Whether by accident or intentionally, a significant number of Americans don’t report all of their W2 and 1099 income to the IRS. This is a relatively easy error for the IRS to catch, as it receives its own copies of all W2s and 1099s. Data from the IRS indicates that a whopping 27 million taxpayers don’t report all of their income, out of a total of 150 million filers. The average amount owed and not reported is $3,336.

While there are plenty of legal ways to reduce your tax bill, underreporting your income isn’t one of them. The IRS can slap you with a penalty of 20% of the amount of income you didn’t report if it finds you acted out of negligence or if you disregarded the rules or regulations. Interest can also be applied to your penalty.

Math Errors

Math errors on tax returns are fairly common, with the most common mistake being incorrect tax calculation. The good news is that the IRS usually catches math returns and automatically corrects them for taxpayers, sending out a notice of the action taken. If you agree with the new IRS calculations, you can simply accept their findings. If not, you have the right to contest them.

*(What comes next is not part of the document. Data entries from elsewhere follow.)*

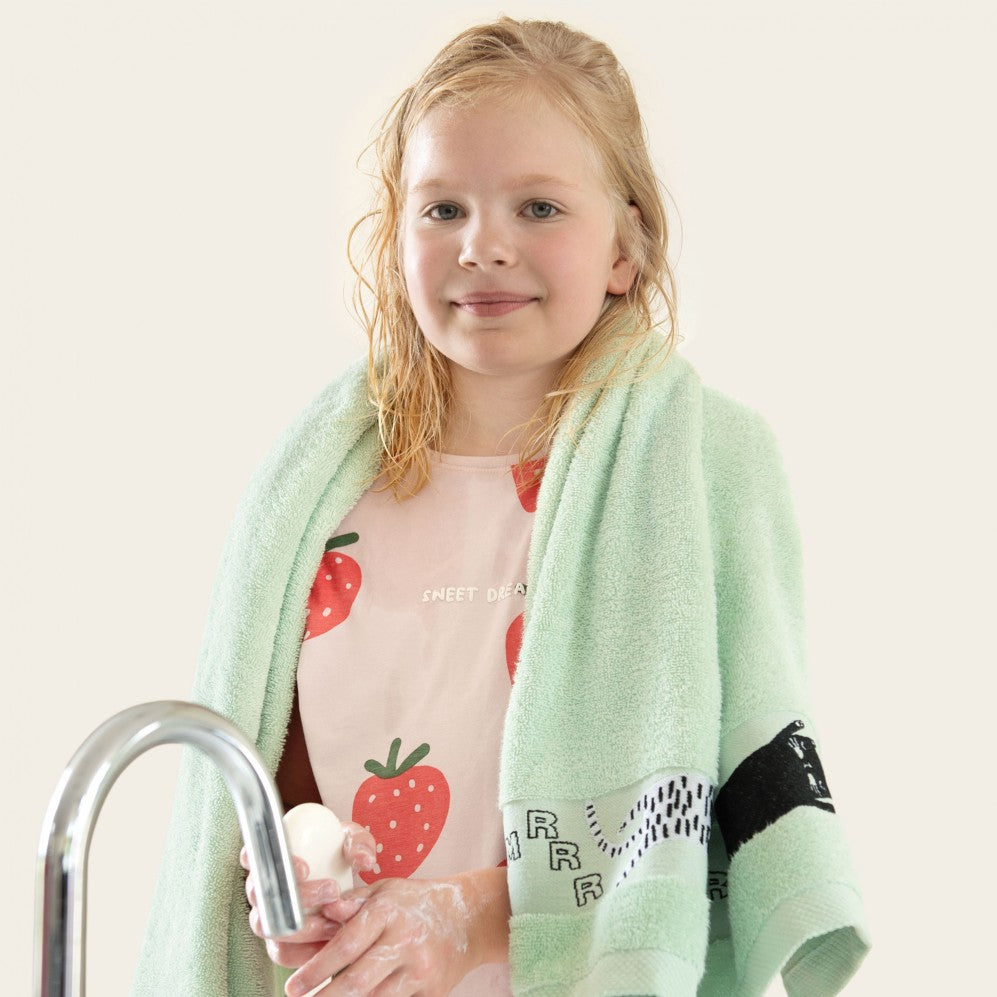 Colecția Cats este disponibilă în mai multe nuanțe pastelate, ușor de asortat cu decorul băii copiilor, fiecare variantă păstrând aceeași textură catifelată și prospețime la atingere.
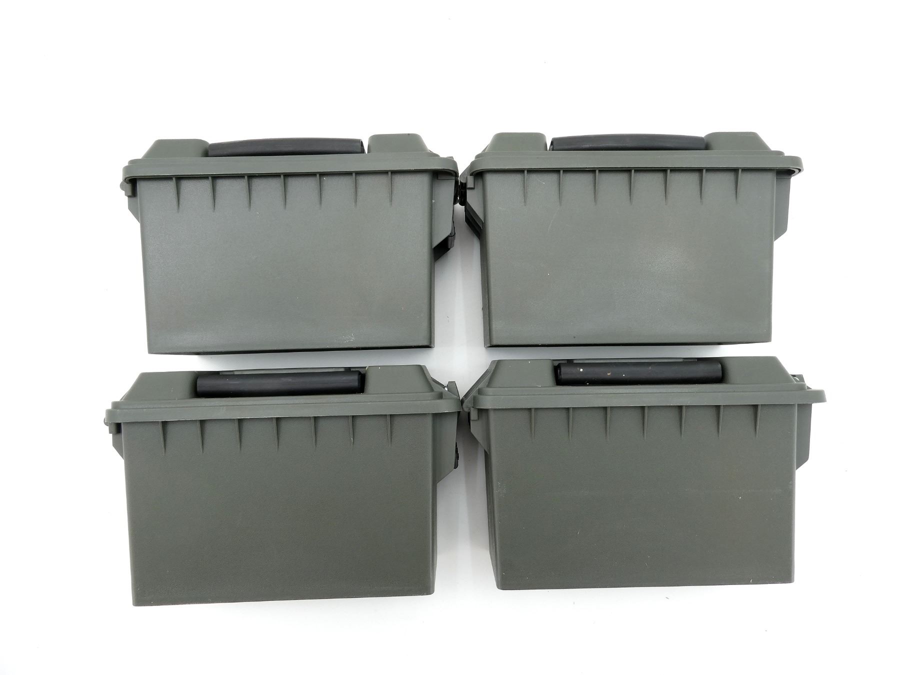 LOT INCLUDES; (4) GREEN POLYMER DRY AMMO / STORAGE BOXES, WITH CARRY HANDLE & LATCH, FITS .30 CAL., ETC. OVERALL LENGTH APPROX. 11.5" X 5" X 7.25". SEE PHOTOS.
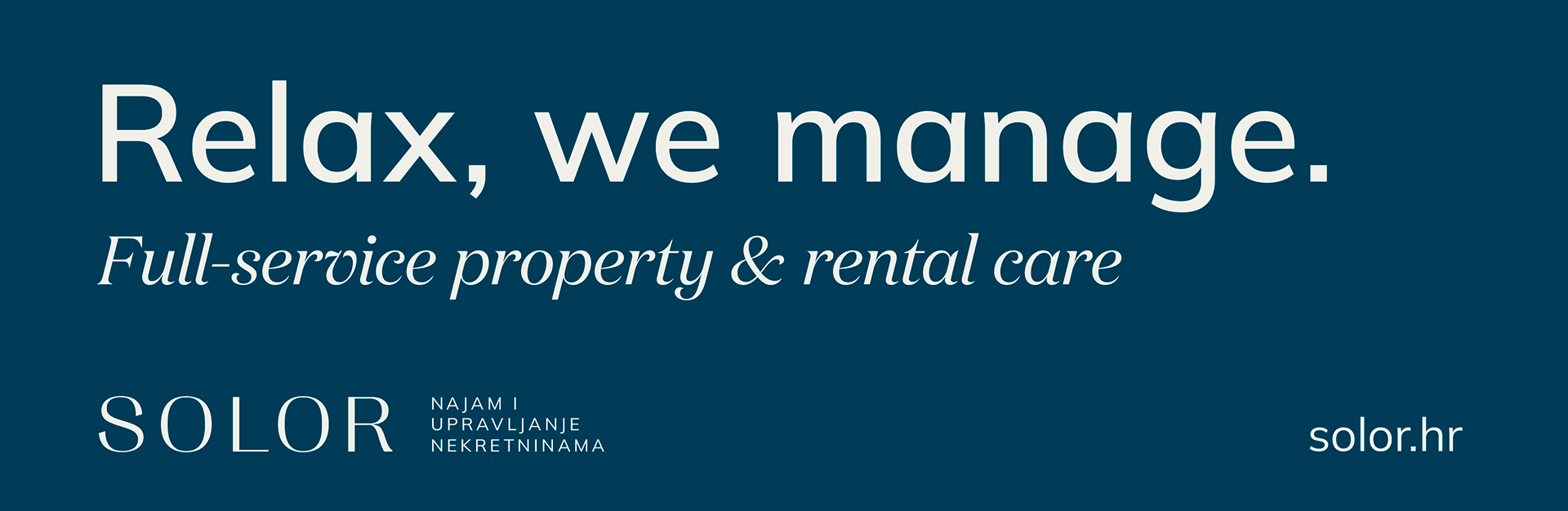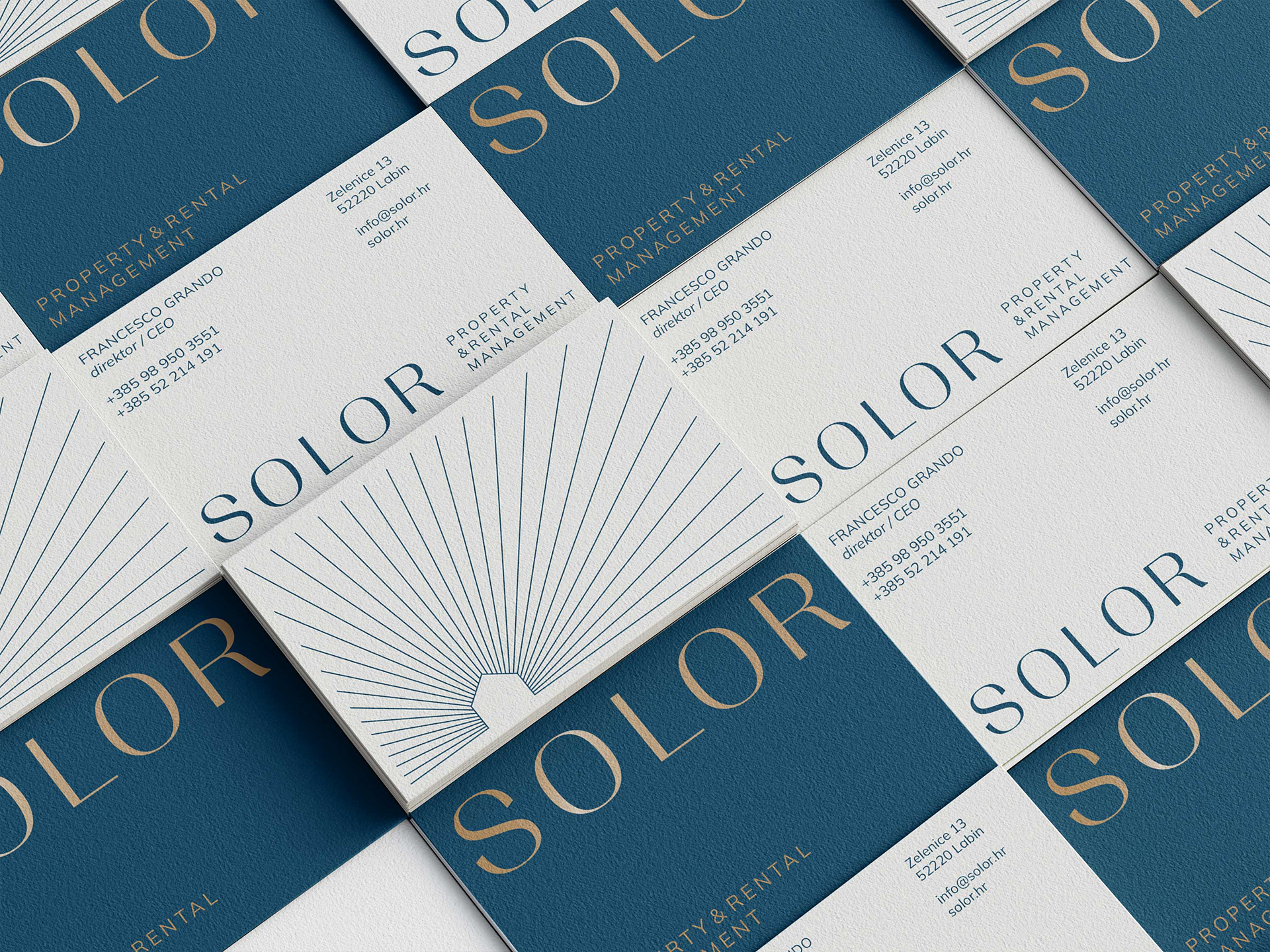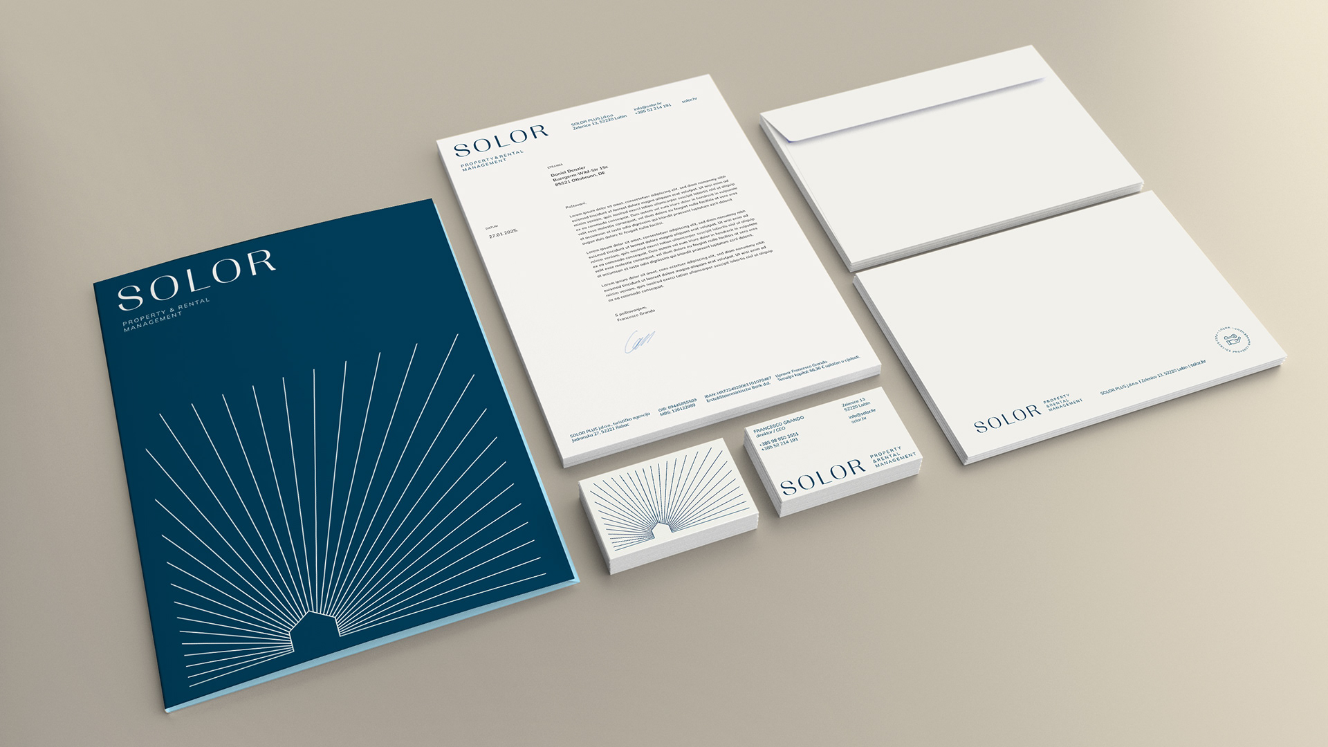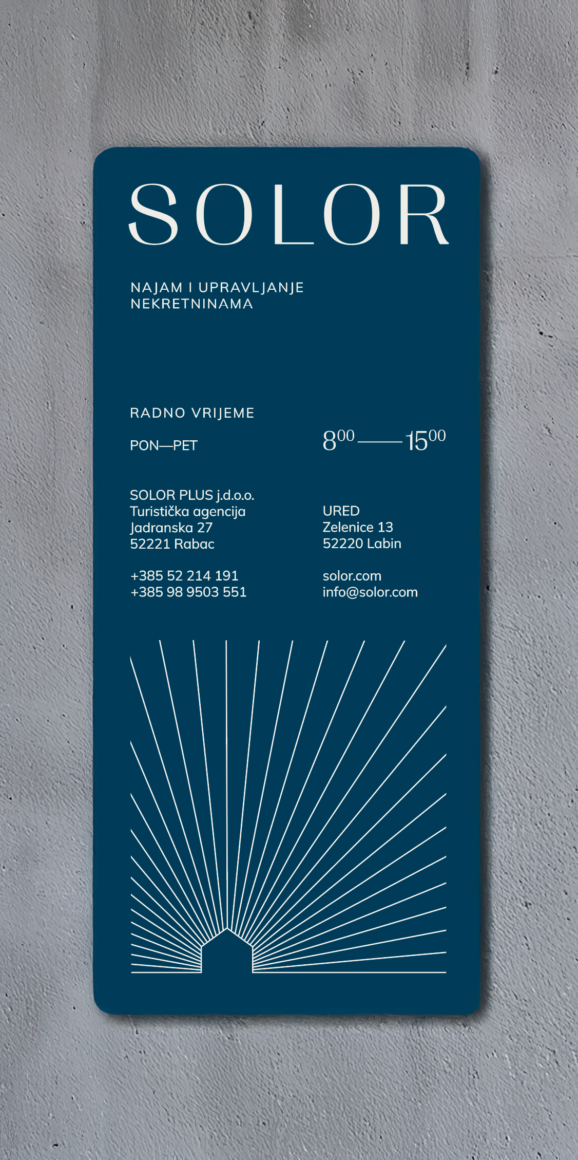 vizualni identitet + brending SOLOR kao full-service agencija za najam i upravljanje luksuznim nekretninama, koja vlasnicima pruža cjelovito rješenje ključ u ruke, dok gostima nudi mnoštvo izbora i besprijekorno iskustvo odmora prilagođeno osobnim potrebama i željama. Strategija komunikacije temelji se na kreativnom i jasnom obraćanju dvjema ključnim publikama – vlasnicima i gostima.
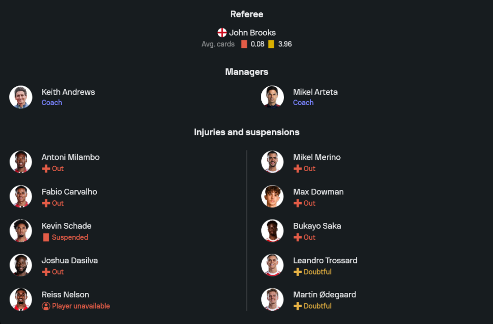 อีกจุดที่น่าจับตาคือการทำงานของผู้ตัดสิน จอห์น บรู้คส์ ที่สถิติให้ใบเหลืองเฉลี่ยเกือบ 4 ใบต่อเกม หากเกมตึงเครียดและมีการเข้าปะทะหนักๆ โอกาสเห็นฟาวล์บ่อยและเกมถูกตัดจังหวะก็มีสูง ซึ่งจะยิ่งเข้าทางเจ้าบ้านที่ต้องการทำลายจังหวะการเซ็ตเกมของอาร์เซนอลอยู่แล้ว
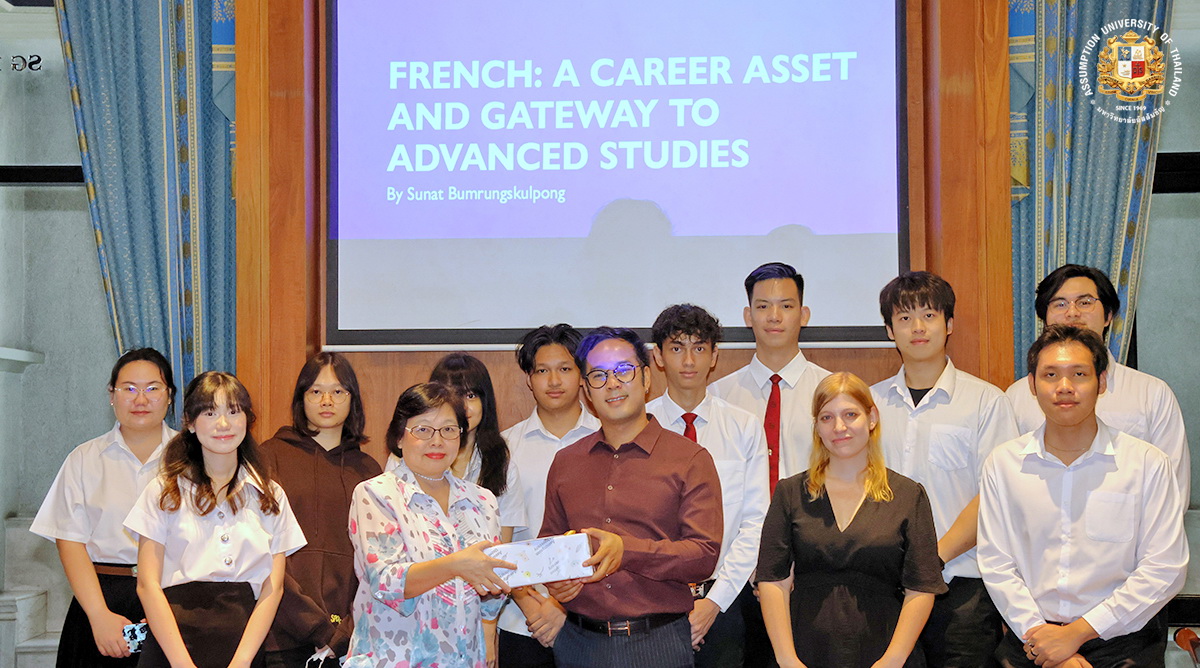 The Theodore Maria School of Arts at Assumption University of Thailand (AU) played host to an insightful and engaging special lecture titled “French: A Career Asset and Gateway to Advanced Studies.” The session, led by Mr. Sunat Bumrungskulpong, APAC System Advisor and Project Manager at Exxon Mobil Limited, explored how mastering French can be a game-changer in global careers and higher education.
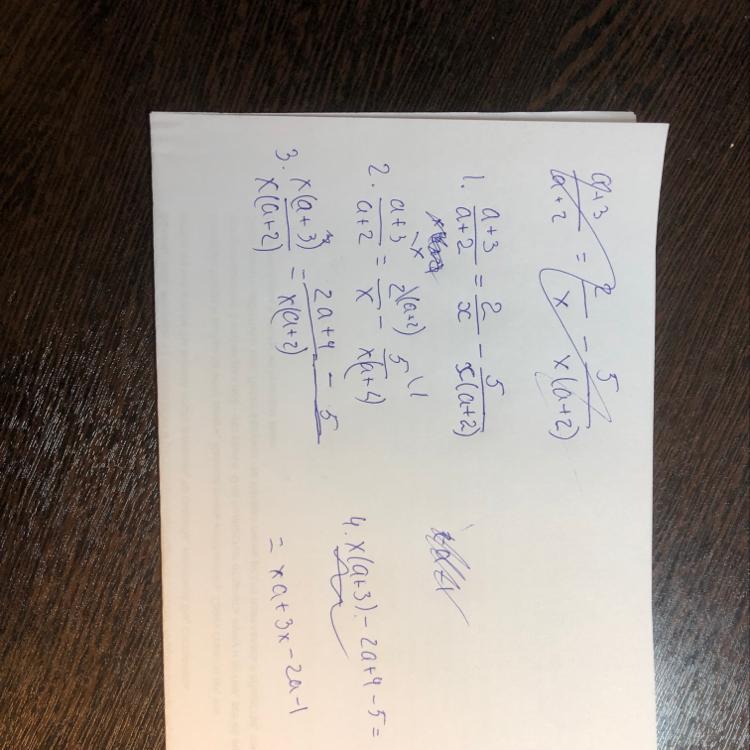 Объяснение:(a+3)/(a+2)=(2(a+2)-5) /(x(a+2)
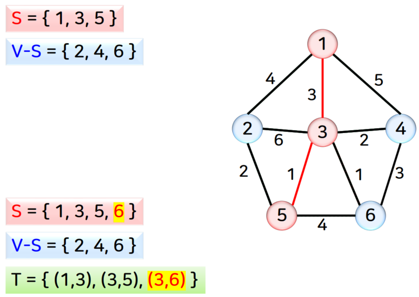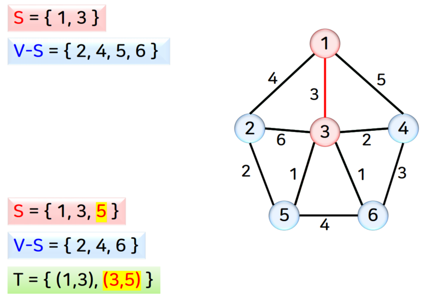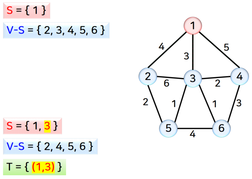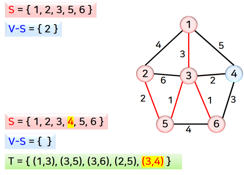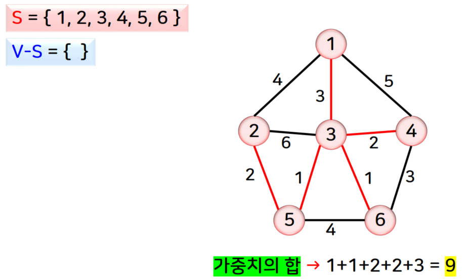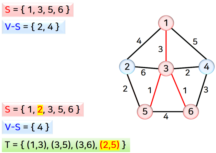 즉 임의의 정점 하나를 S로 지정한 후 시작해서 S=V가 될때까지 S를 점점 키워 나가는 방법입니다.
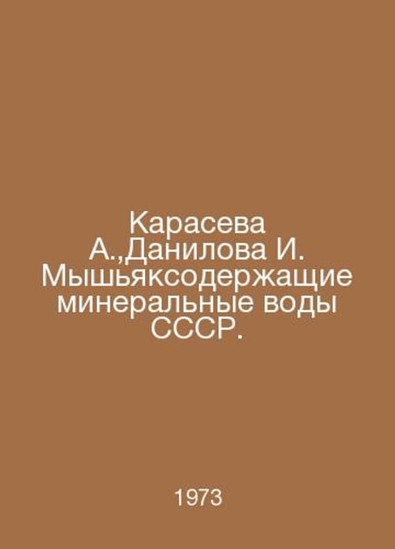 Karaseva A., Danilova I. Arsenic mineral waters of the USSR. In Russian /Karaseva A., Danilova I. Myshyaksoderzhashchie mineralnye vody SSSR. Central Research Institute of Resort and Physiotherapy, Proceedings of the Institute t.26 M. Ministry of Health of the USSR. 1973.Contact us for details or to request photos of available books. Delivery of this book could take longer than normal due to additional handling time before shipping, and no rush delivery options are available. Please let us know if you have a specific date by which you need to receive your order.SKUalb3f6edcc7ec05af6b
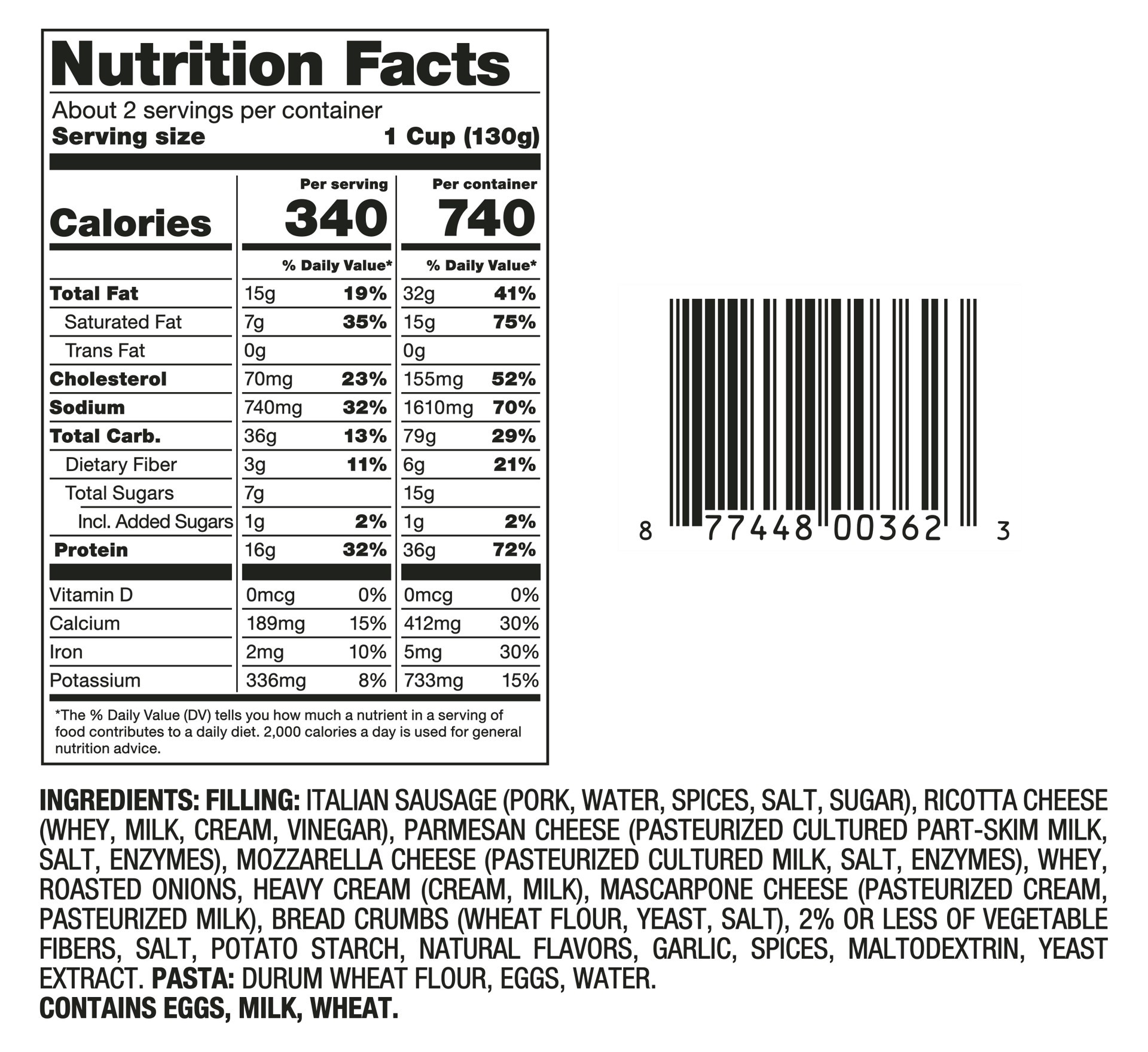 FILLING: ITALIAN SAUSAGE (PORK, WATER, SPICES, SALT, SUGAR), RICOTTA CHEESE (WHEY, MILK, CREAM, VINEGAR), PARMESAN CHEESE (PASTEURIZED CULTURED PART-SKIM MILK, SALT, ENZYMES), MOZZARELLA CHEESE (PASTE…

Of course, the simplest way to avoid this tax problem in the first place is to ensure that your return is correct when you submit it. Typically, math errors only appear on returns that are filed by hand and on paper. If you use any of the multitude of tax software programs that are available, you won’t likely encounter any math errors on your return.

Audits

No taxpayer wants to be audited, and for good reason. The IRS changes an astounding 89% of returns that it audits, and the changes usually amount to taxpayers owing a significant amount of money. For audits by mail — which amount to 74% of all audits — the average amount owed is $6,164. But for the more serious field audit, the average amount owed jumps to a whopping $68,122, according to IRS data.

While audits can’t always be avoided, the best way to stay out of trouble is to file an accurate return. In that way, even if you are audited, you should be able to defend yourself and perhaps pay no additional tax at all. If you draw attention to your return by taking outsized deductions or credits, your chance of being audited increases.